Marco jeta un oeil au sol, et sur les huit cents mètres qui le séparaient du pont, il ne voyait pas le moindre indice sur la manière dont le chapeau de paille avait escaladé le mât. Il fallait en moyenne une demi-heure pour que les pirates parviennent tout en haut avec l'échelle. Personne n'avait vu le petit monter pendant tout ce temps ? Personne ne l'avait arrêté ? Mais que faisait la deuxième division ?

Le chapeau de paille sauta sur ses jambes, une main sur son chapeau, et commença à remplir ses poumons.
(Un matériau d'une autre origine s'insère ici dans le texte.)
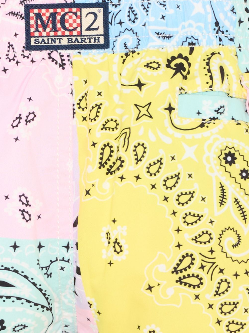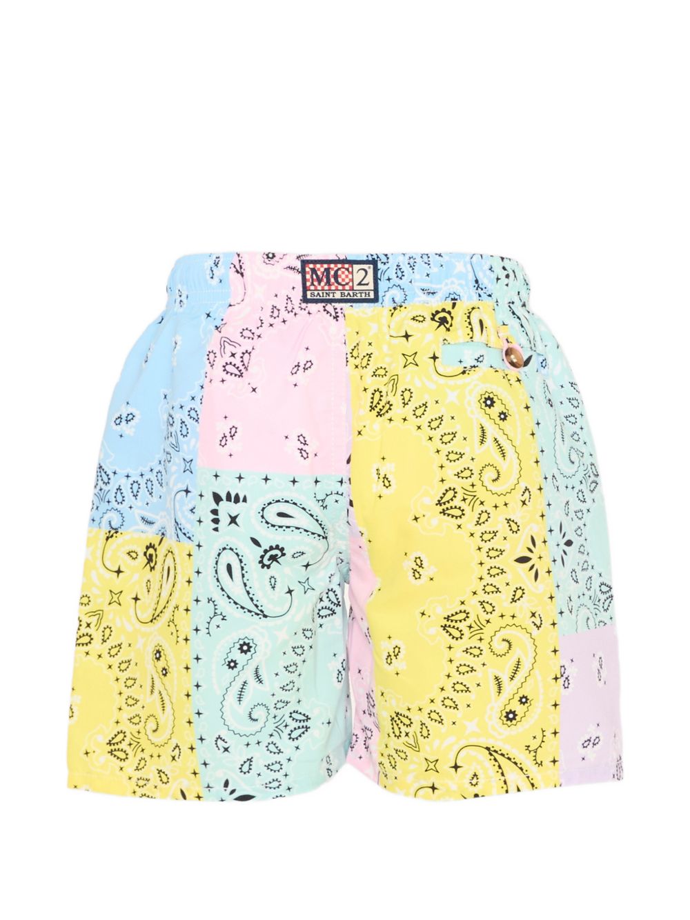 Costume blu e multicolor, stampa bandana, chiusura con coulisse, vita elasticizzata.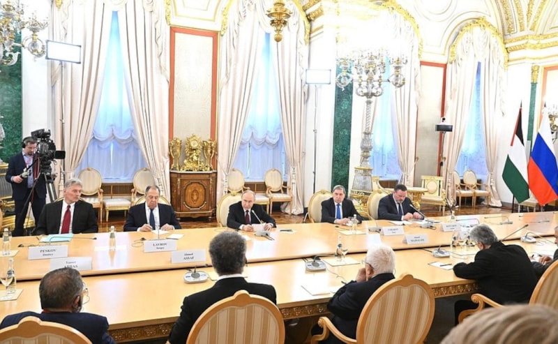 Rusya Devlet Başkanı Vladimir Putin, Filistin Devlet Başkanı Mahmud Abbas ile Moskova’da yaptığı görüşmede, "Bölgede kalıcı barışın, ancak iki halk için iki devlet öngören ve evrensel olarak tanınan uluslararası hukuk temelinde sağlanabileceğine her zaman inandık" dedi.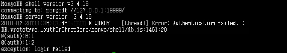 mongo --port 27017 -u "登錄名" -p "密碼" --authenticationDatabase "數(shù)據(jù)庫名"如果驗證失敗會在命令行打印如下信息YaG少兒編程網(wǎng)-Scratch_Python_教程_免費兒童編程學習平臺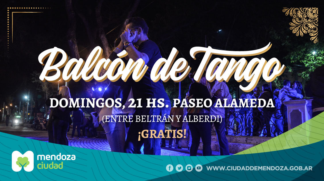 La Ciudad de Mendoza te invita a disfrutar del ciclo “Balcón de Tango” todos los domingos de noviembre, con excepción del día 14 por las elecciones parlamentarias. Los encuentros se llevarán a cabo en el Paseo Alameda de 21.00 a 23.00 hs.

Son torse gonflait, et gonflait, il en dépassait presque Père.

Il bloqua.

Malgré l'entraînement que lui avait prodigué son frère, Marco n'eut pas les réflexes suffisants pour se couvrir les oreilles.
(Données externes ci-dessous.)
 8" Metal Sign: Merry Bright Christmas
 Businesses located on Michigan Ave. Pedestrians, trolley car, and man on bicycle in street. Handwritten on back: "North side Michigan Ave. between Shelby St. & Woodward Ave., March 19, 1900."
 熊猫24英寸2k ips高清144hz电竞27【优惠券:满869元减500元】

« JE SERAIS LE ROI DES PIRATES ! »

Et Marco allait devenir sourd.

Le petit frère d'Ace éclata de rire, visiblement fier de lui.

« Yoi, petit frère d'Ace, tu n'as pas choisi un rêve facile. »
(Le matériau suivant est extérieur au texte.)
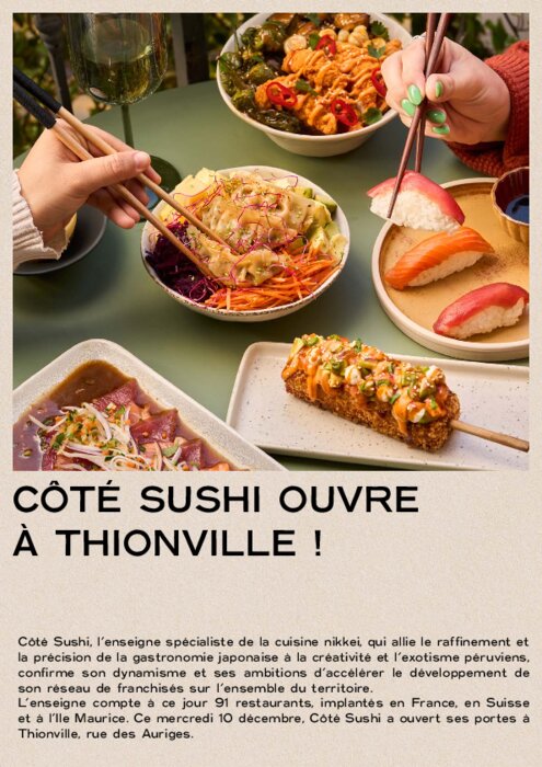 Côté Sushi, l’enseigne spécialiste de la cuisine nikkei, qui allie le raffinement et la précision de la gastronomie japonaise à la créativité et l’exotisme péruviens, confirme son dynamisme et ses ambitions d’accélérer le développement de son réseau de franchisés sur l’ensemble du territoire. L’enseigne compte à ce jour 91 restaurants, implantés en France, en Suisse et à l’Ile Maurice. Ce mercredi 10 décembre, Côté Sushi a ouvert ses portes à Thionville, rue des Auriges.

Les tympans de Marco l'élançaient. Heureusement qu'il avait un fruit du démon pour se régénérer.

L'élastique tourna ses petits yeux noirs vers lui, ses poignets collés à sa taille.

« Shishishishi, non. »

Il collait parfaitement aux descriptions qu'Ace avait faites de lui. Et lui ressemblait. Tellement, pour une personne qui ne partageait pas le même sang. Ils avaient les mêmes mimiques. Et le même besoin de crier devant le vaste océan.

Et de braver les interdits.

« Petit frère d'Ace, tu ne devrais pas rester là. C'est dangereux. Si tu glissais, tu mourrais. » Sauf si Marco le rattrapait, mais il n'avait aucune envie de jouer les babysitters.

« Non, je suis en caoutchouc. »

Même en caoutchouc, il devait y avoir des limites aux épreuves que pouvait endurer son corps. Mais s'il était aussi buté qu'Ace, la bataille était perdue d'avance.

Marco retourna à son admiration de la surface bleutée. Loin du monde, il avait l'impression d'être dans une bulle à part. Une bulle où seuls certains de ses frères commandants osaient venir lui tenir compagnie. C'était l'endroit où ils échangeaient leurs confidences. L'endroit où ils étaient seuls.

C'est probablement par la force de l'habitude, installé dans son espace attitré, et poussé par la curiosité, qu'il se tourna vers le petit frère d'Ace pour ouvrir la conversation sur un thème périlleux.

« Que comptes-tu faire une fois que tout ton équipage sera arrivé ? Tu retourneras sur East Blue ? »

Les prunelles noires d'encre du chapeau de paille s'obscurcirent. L'étincelle de malice s'était écartée. Celle qui dansait dans ses yeux tous les jours, et qui redoublait de force à chaque retrouvailles, avait disparu sous un voile étouffant.

« Je ne sais pas. »

L'air marin apportait des odeurs salées, similaire à des larmes sur les papilles. Marco se retourna vers l'océan.

« Les choses auraient été plus simples si Ace était là. »

Si Ace avait été là, les deux frères se seraient réunis, la Moby Dick aurait été en fête, et la deuxième division aurait probablement escorté le chapeau de paille et son équipage jusqu'à une mer moins dangereuse.

Mais Ace n'était pas là. Il avait laissé un vide qui ne pouvait être colmaté. Pas une nouvelle n'était arrivée depuis son départ.

« Rassure-moi, yoi, tu ne comptes pas partir à sa recherche ? »

Seul le chant du vent ampli les oreilles maintenant régénérées du phoenix. Il se tourna vers son interlocuteur. Ses yeux avaient disparu sous l'ombre de son chapeau.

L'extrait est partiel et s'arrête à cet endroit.